Ed è qui che il discorso arriva a toccare l’Italia, dove la dipendenza dagli indicatori bibliometrici è l’architrave delle procedure valutative. L’abilitazione scientifica nazionale, le classificazioni dei prodotti della ricerca, le mediane, molti concorsi e una parte significativa delle politiche di finanziamento si basano su numeri che presuppongono un’infrastruttura infallibile. Questo caso mostra che quell’infrastruttura non è infallibile affatto: è porosa, incoerente, mutevole, e soprattutto poco controllata, perché in mano a privati. In Italia la bibliometria è stata invocata come strumento per neutralizzare vecchie distorsioni accademiche — favoritismi, chiusure locali, arbitri non motivati. Ma la soluzione ha introdotto un nuovo problema, ben più vasto: la delega della valutazione a numeri prodotti da strumenti che nessuno governa direttamente, e che oggi sappiamo essere vulnerabili persino a un dettaglio nella formattazione dei metadati.

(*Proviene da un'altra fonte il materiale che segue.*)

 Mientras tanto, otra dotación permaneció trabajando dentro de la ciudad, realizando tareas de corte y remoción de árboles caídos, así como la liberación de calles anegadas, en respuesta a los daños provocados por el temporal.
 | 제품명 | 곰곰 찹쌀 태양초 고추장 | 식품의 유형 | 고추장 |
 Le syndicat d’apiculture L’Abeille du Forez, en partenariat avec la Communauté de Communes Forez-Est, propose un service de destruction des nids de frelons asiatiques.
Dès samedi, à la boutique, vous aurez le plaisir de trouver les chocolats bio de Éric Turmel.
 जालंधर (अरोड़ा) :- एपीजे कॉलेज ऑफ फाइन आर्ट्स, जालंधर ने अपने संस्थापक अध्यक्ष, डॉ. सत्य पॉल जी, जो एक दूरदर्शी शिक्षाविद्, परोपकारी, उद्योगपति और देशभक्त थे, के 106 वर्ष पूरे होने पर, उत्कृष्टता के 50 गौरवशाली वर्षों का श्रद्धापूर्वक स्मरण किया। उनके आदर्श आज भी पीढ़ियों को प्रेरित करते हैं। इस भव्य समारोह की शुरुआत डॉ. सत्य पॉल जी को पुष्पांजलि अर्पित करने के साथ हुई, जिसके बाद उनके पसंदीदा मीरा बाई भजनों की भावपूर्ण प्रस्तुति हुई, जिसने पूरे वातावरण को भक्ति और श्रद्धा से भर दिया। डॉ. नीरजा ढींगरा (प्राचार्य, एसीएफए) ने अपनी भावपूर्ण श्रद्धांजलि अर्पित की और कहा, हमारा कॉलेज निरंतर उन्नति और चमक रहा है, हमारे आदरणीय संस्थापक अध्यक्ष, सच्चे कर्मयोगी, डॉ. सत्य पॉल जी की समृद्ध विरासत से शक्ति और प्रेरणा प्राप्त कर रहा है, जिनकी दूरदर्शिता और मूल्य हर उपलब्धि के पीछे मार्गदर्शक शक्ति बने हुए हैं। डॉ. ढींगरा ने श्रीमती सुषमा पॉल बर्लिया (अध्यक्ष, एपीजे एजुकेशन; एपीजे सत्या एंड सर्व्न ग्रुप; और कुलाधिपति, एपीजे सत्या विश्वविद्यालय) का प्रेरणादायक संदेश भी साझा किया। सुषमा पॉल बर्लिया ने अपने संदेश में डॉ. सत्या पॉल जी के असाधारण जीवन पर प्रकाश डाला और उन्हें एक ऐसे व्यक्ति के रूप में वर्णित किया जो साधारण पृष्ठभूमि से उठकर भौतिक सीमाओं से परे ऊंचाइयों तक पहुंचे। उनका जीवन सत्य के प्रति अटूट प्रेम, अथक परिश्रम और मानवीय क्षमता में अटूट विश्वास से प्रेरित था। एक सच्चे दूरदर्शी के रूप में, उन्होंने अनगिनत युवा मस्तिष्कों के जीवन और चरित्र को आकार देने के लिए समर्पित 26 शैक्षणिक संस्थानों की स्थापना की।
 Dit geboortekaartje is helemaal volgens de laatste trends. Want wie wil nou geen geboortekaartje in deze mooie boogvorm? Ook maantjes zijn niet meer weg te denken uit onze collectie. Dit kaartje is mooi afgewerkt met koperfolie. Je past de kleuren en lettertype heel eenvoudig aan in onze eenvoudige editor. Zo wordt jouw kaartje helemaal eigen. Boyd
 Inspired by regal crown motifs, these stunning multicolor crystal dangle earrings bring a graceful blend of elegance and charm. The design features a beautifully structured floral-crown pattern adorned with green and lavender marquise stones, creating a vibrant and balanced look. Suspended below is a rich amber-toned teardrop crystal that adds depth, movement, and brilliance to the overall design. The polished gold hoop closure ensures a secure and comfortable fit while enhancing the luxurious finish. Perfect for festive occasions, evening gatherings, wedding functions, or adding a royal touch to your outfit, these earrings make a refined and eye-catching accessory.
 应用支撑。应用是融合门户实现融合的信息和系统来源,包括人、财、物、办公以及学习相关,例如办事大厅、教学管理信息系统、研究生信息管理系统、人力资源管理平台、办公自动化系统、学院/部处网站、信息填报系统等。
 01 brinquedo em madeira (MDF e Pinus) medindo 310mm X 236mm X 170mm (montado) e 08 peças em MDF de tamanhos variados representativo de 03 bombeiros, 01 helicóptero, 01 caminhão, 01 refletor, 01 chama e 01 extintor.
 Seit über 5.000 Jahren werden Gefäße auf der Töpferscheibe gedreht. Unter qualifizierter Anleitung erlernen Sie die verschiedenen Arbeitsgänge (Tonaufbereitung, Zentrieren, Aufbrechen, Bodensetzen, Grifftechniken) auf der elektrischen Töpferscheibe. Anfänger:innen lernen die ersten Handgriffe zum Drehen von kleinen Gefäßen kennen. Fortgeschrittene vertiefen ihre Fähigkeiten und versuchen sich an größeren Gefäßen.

Invece di correggere l’ingiustizia locale, abbiamo costruito un sistema che genera ingiustizia globale, oltre a deformare e distruggere la pubblicazione scientifica e la documentazione stessa della ricerca. Non è necessario che l’errore in un software sia intenzionale; è sufficiente che avvenga. E quando avviene, nessuno se ne accorge per anni, perché non vi è modo di controllare in maniera semplice un sistema informativo complesso e parzialmente caotico come quello da cui dipendiamo.
La questione non può essere liquidata come un incidente tecnico da risolvere. È un caso che rivela quanto sia urgente ripensare la valutazione della ricerca alla radice. Bisogna restituire spazio alla lettura reale dei lavori, a una responsabilità umana capace di distinguere tra impatto scientifico e artefatti contabili, e a un controllo indipendente delle infrastrutture che producono i dati utili alla valutazione, quali che siano. Finché questo non avverrà, non potremo pretendere che gli indicatori riflettano la qualità della ricerca; rifletteranno, piuttosto, il funzionamento — a volte corretto, a volte distorto — di una macchina troppo complessa per essere lasciata a sé stessa. E questa è la parte essenziale: non basta più criticare la teoria bibliometrica. Dobbiamo riconoscere che anche lo strumento tecnico su cui essa si appoggia è fragile. Un sistema così esposto non può essere la base della reputazione scientifica. Non più.
E adesso, un piccolo dettaglio finale: quanti potrebbero fare ricorso ai TAR, se si dovesse scoprire che il calcolo delle metriche utilizzate per l’abilitazione nazionale ed altri passaggi valutativi era erroneo, a causa di un baco come quello appena documentato nel preprint che stiamo discutendo?